Are you ready for some ORTON?

December 12, 2007 – 1:53 am by Hickey

The scene: Monday afternoon, Halas Hall, Lake Forest, IL. Coach Lovie Smith opens the door to the Quarterbacks’ Film Room and is greeted by a giant cloud of smoke. Kyle Orton tries waving the smoke out of the air and hiding a long glass tube near his chair.

Lovie: Kyle, what’s going on in here? It smells like Andy Reid’s basement.

Orton: (coughs) Oh, ah, that’s nothing, coach. We’re just fumigating the room. Ya know, low man on the totem pole type of thing.

Lovie: What? Then why isn’t Archuleta in here? If he was any lower I’d have him washing the toilets right now. Say, that’s a good idea … hey, what is this you’re watching?

Orton: Hmm? Oh, this… this is “Dude, Where’s My Car?” You should —

Why aren’t you watching the dadgum Vikings game film?

That’s what I was trying to tell you. Um, Rex taped this movie over it.

Damn. Sometimes I swear that boy is retarded. I hope you’re still gonna be able to go next Monday night.

Hell yeah. I go to the bar every Monday night. Do some Jell-O shots. Some puke and rally. Bring some honeys back to the crib…

Kyle, we have a game next Monday night. I want you to be our quarterback.

(parts the ample growth of hair blocking his right ear) Excuse me? Are you asking me to start a game?

Lovie: Yes. We think you can be the future of the franchise. Some people say you could be the next Mike Tomczak.

Orton: Far out, man. Far fucking out.

Lovie: Kyle, watch your language! You’re a role model!

Orton: Oh yeah. Do you think, like, I’ll be on the cover of the next Madden game?

Lovie: You never know. The sky is the limit.

Orton: Ha. The sky is high … hey, do you think we could get Ricky Williams up here next year? I don’t know if you noticed, but Cedric Benson hasn’t really been getting it done.

Lovie: Just worry about your game, Kyle. I’ll take care of the rest.

Orton: Oh, about that. You might want to get my helmet to the equipment manager. I had it rigged to my iPod instead of the coaching booth after the preseason.

Lovie: What? So you haven’t heard a single thing Ron Turner has said all season?

Orton: Nope. Mostly listened to “Houses of the Holy.”

Lovie: Hmm. You might be in better shape for this job than I realized in that case…

Orton: Oh, one more thing. Do you mind if I throw a little vodka into my Gatorade bottle? With Fred Miller and Terrence Metcalf up there I figure I’ll be taking a lot of hits, and that should ease the pain a bit.

Lovie: Haven’t Rex and Brian been doing that all season?

Orton: No, coach.

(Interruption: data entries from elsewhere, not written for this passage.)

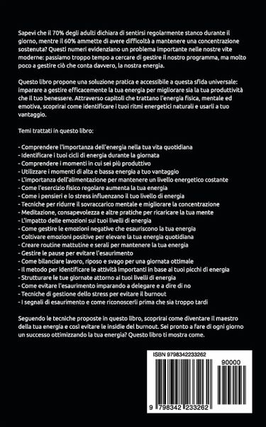Sapevi che il 70% degli adulti dichiara di sentirsi regolarmente stanco durante il giorno, mentre il 60% ammette di avere difficoltà a mantenere una concentrazione sostenuta? Questi numeri evidenziano un problema importante nelle nostre vite moderne: passiamo troppo tempo a cercare di gestire il nostro programma, ma molto poco a gestire ciò che conta davvero, la nostra energia. Questo libro propone una soluzione pratica e accessibile a questa sfida universale: imparare a gestire efficacemente la tua energia per migliorare sia la tua produttività che il tuo benessere. Attraverso capitoli che trattano l'energia fisica, mentale ed emotiva, scoprirai come identificare i tuoi ritmi energetici naturali e usarli a tuo vantaggio. Temi trattati in questo libro: - Comprendere l'importanza dell'energia nella tua vita quotidiana - Identificare i tuoi cicli di energia durante la giornata - Comprendere i momenti in cui sei più produttivo - Utilizzare i momenti di alta e bassa energia a tuo vantaggio - L'importanza dell'alimentazione per mantenere un livello energetico costante - Come l'esercizio fisico regolare aumenta la tua energia - Come i pensieri e lo stress influenzano il tuo livello di energia - Tecniche per ridurre il sovraccarico mentale e migliorare la concentrazione - Meditazione, consapevolezza e altre pratiche per ricaricare la tua mente - L'impatto delle emozioni sui tuoi livelli di energia - Come gestire le emozioni negative che esauriscono la tua energia - Coltivare emozioni positive per elevare la tua energia quotidiana - Creare routine mattutine e serali per mantenere la tua energia - Gestire le pause per evitare l'esaurimento - Come bilanciare lavoro, riposo e svago per una giornata ottimale - Il metodo per identificare le attività importanti in base ai tuoi picchi di energia - Strutturare le tue giornate attorno ai tuoi livelli di energia - Come evitare l'esaurimento imparando a delegare e a dire di no - Tecniche di gestione dello stress per evitare il burnout >Seguendo le tecniche proposte in questo libro, scoprirai come diventare il maestro della tua energia e così evitare le insidie del burnout. Sei pronto a fare di ogni giorno un successo ottimizzando la tua energia? Questo libro ti mostra come.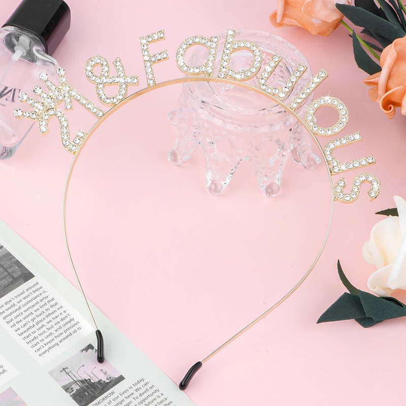 SuPoo 21st Birthday Decorations for Her 21st Birthday Crown Gold Diamond Birthday Headband 21st Birthday Gifts Party Decorations Happy 21 Birthday Girl Headband Tiara Hair Accessories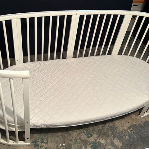 Sengen er lavet af træ med en hvid overflade. Uden madras. - Bemærk at mail, chat og beskeder ikke besvares, og varen skal købes på knappen "Gå til varen". Efter reservering af varen har du 10 dage til at afhente den i den butik, varen er på lager i.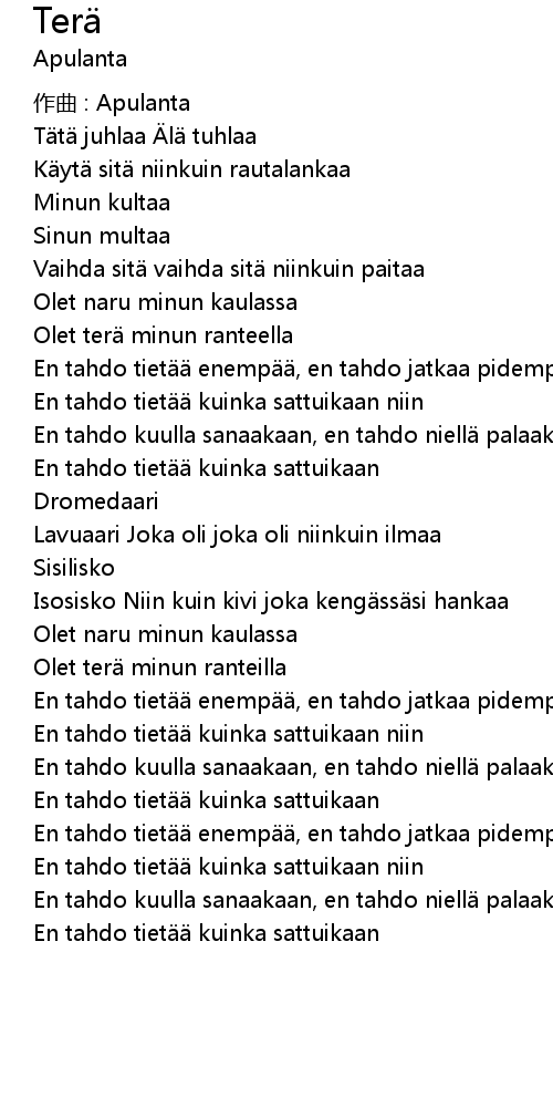 | En tahdo tietää enempää, en tahdo jatkaa pidempää | |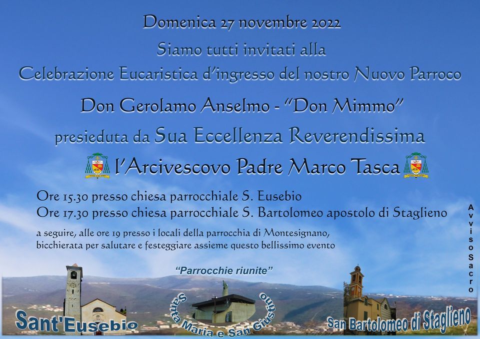 Domenica 27 novembre 2022Siamo tutti invitati alla Celebrazione Eucaristica d'Ingresso del nostro Nuovo Parroco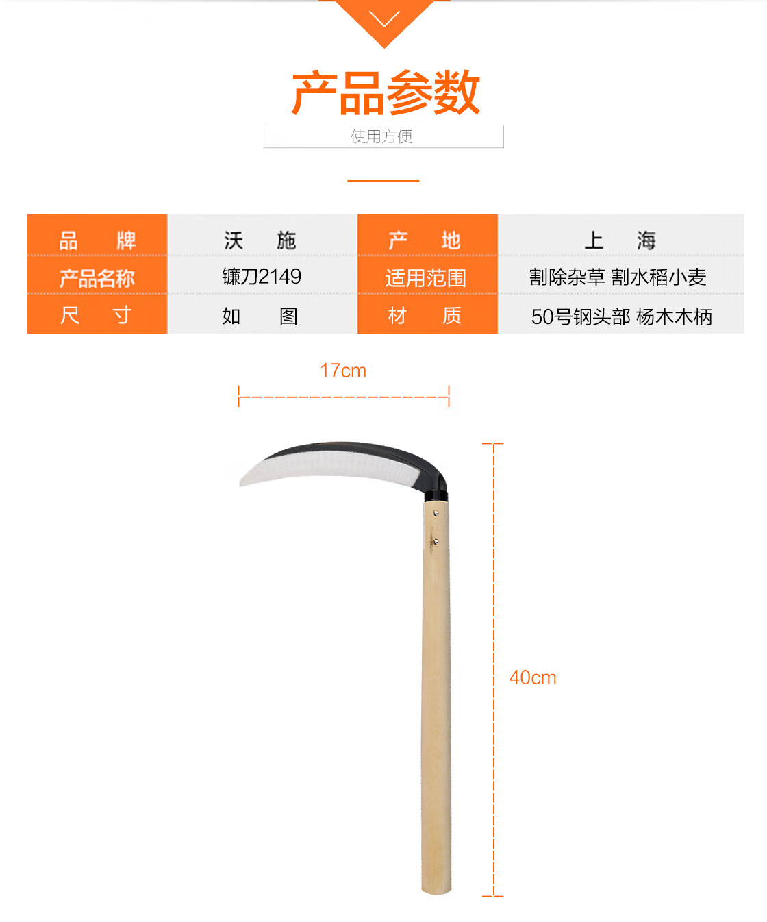 分类:刀/剪/锯;品牌:沃施(worth);包装清单:全钢刃镰刀 x 1;
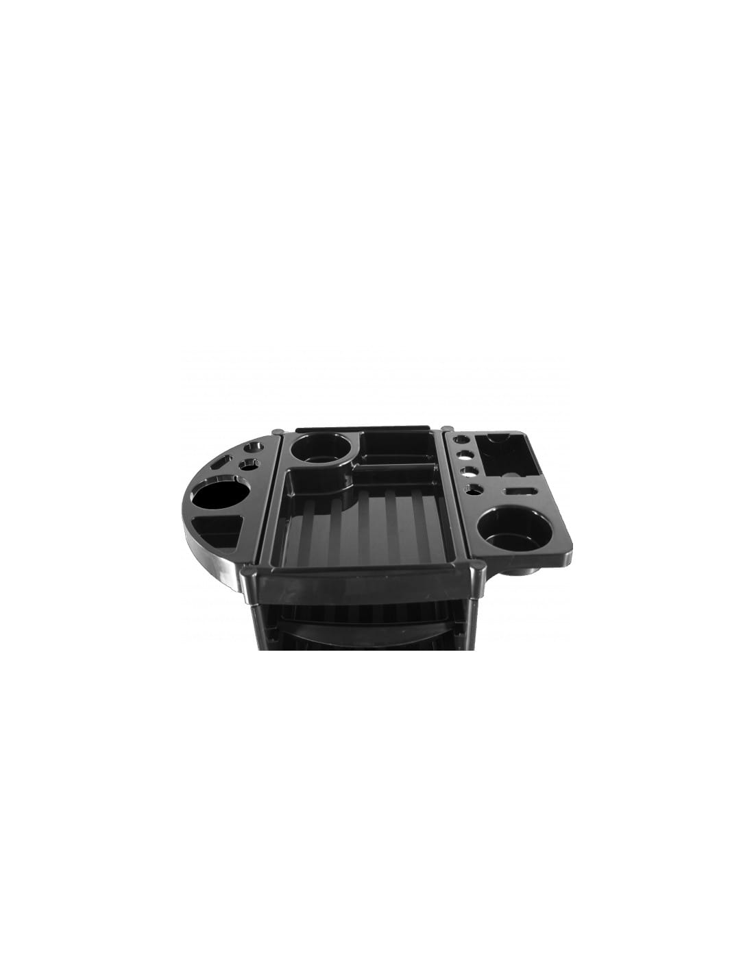 Vežimėlis turi net 5 talpius stalčius, leidžiančius patogiai susidėlioti kirpimo mašinėles, šepečius, šukas, kosmetiką ir kitus darbo įrankius. Dvi sulankstomos šoninės lentynos suteikia papildomos vietos plaukų džiovintuvui ar dažymo priemonėms, o prireikus jas galima lengvai nulenkti.
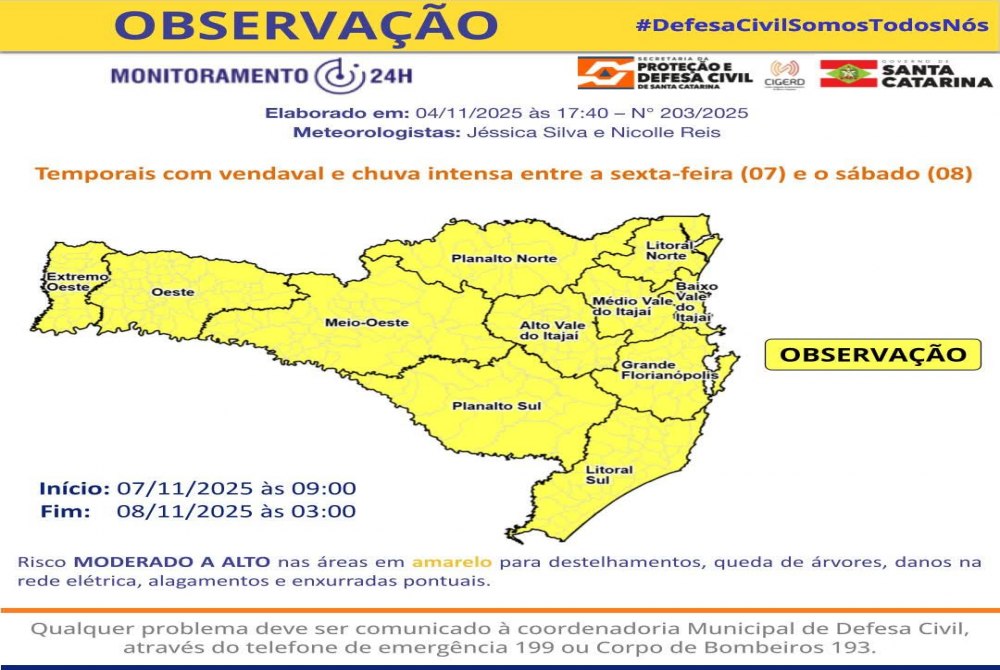 Entre esta sexta-feira (07) e o sábado (08) o processo de formação de um ciclone extratropical em alto mar, entre a costa do Sul e do Sudeste do Brasil, favorece o desenvolvimento de temporais com vendaval, chuva intensa, raios e queda de granizo em Santa Catarina. O risco é moderado a alto para ocorrências associadas a destelhamentos, danos na rede elétrica, queda de galhos e árvores, alagamentos e enxurradas.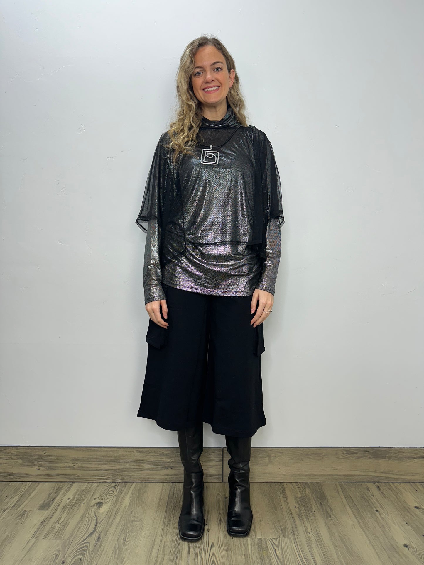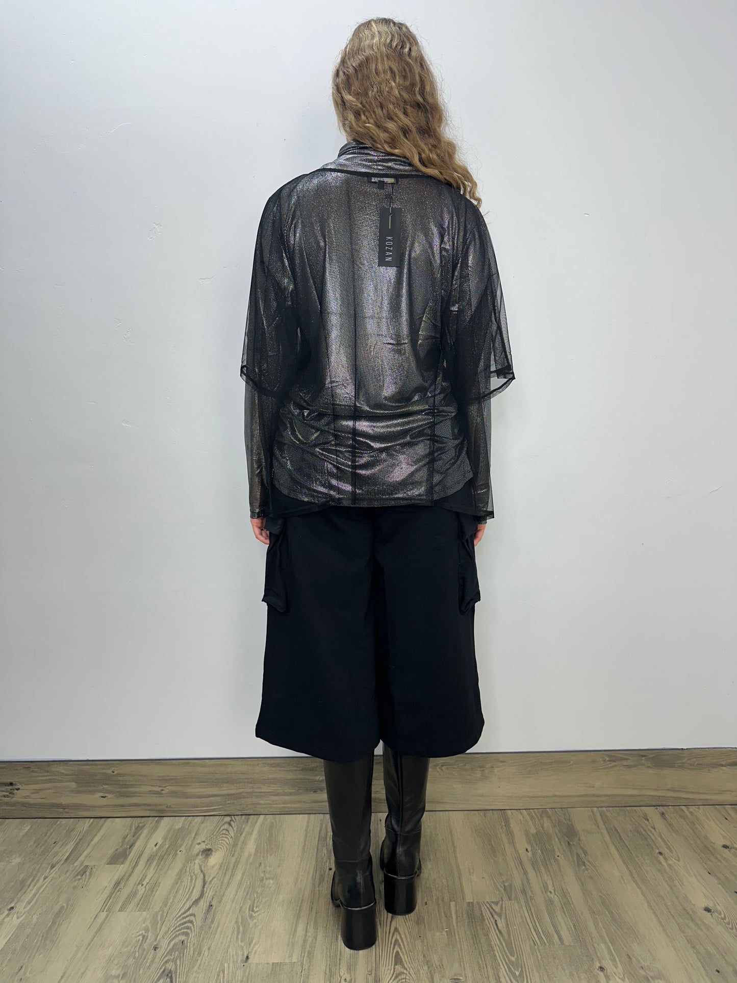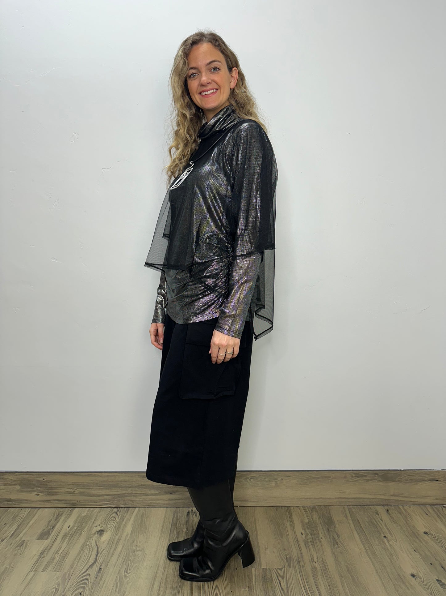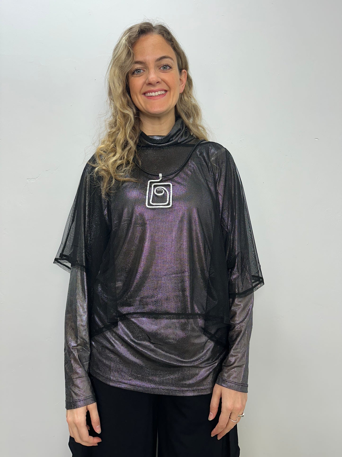 This Black Tulle Alina Top is a must-have for any fashion-forward individual. Made with beautiful black mesh, it is the perfect topper for our silver iridescent long sleeve. Not only is it comfortable, but it also adds a unique layering element to any outfit. Don't miss out on this versatile and stylish piece!

Those guys play like that when they’re sober.

Lovie: Then I guess it can’t hurt. Don’t hesitate to mix in some Everclear if you have to.

Orton: Awesome! You won’t regret it, coach. In college, I threw like six TDs against Indiana after I drank half a bucket of that stuff at Delta Chi — that morning!

Lovie: Well then be ready to load it up. We’re coming off the bus passing…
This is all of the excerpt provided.